A Rare Bird: Letitia Landon and Hellenism


I’ve posted (and lamented) at length about women’s education or lack thereof in the Regency era and the years that followed.  The few women with any sort of rigorous intellectual life or semblance of a classical education were self taught.  Today I present an interesting example.

Letitia_Elizabeth_Landon-150x150 Author's Blog Greek Poetry Historical Romance History Women's Education

Letitia Landon

Letitia Elizabeth Landon published poetry and novels under the initials L.E.L. between 1820 and the late 1830s.  She is particularly interesting in that her work often expressed what is called “Romantic Hellenism.”  Hellenism, glorification of Greek arts and literature, flowered in the early to mid 1800s in England fueled in part by the arrival of the Elgin Marbles and by archaeological discoveries. It manifested itself in art, architecture, and poetry.

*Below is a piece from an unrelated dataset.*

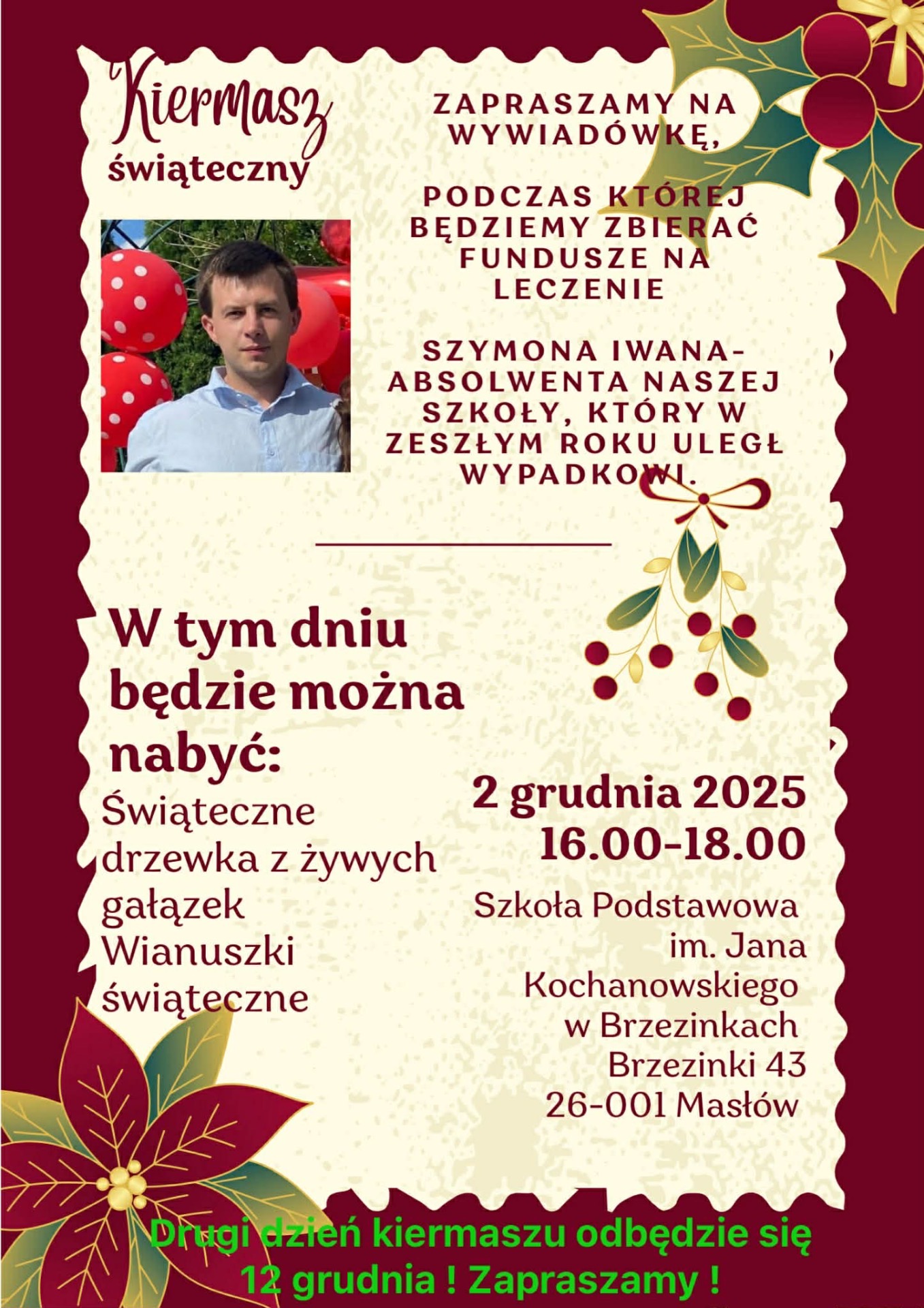 W tym roku nasza szkoła organizuje kiermasz, z którego dochód przeznaczony zostanie na leczenie naszego absolwenta - Szymona Iwana.

Landon published over thirty poems with themes taken from ancient Greece, most of them in the 1830s, all of them under her initials. In the light of my earlier posts about women and education, I have to wonder about her underlying scholarship.  She was educated at a progressive woman’s academy, Mrs. Rowden’s School in London for a few years, but from age seven on was home-schooled by a cousin.  By all accounts she was a voracious reader and had access to books. At 18 she had published her first poem, and embarked on a career as a writer. She certainly did not have access to university education or the Grand Tour. One author refers to Romantic Hellenism being more related to its contemporary culture and having “little historical or textual basis” in ancient Greece.  Her work falls into that category. Still, her knowledge of Greek mythology and culture seems to have been wide, gained, one assumes, from reading.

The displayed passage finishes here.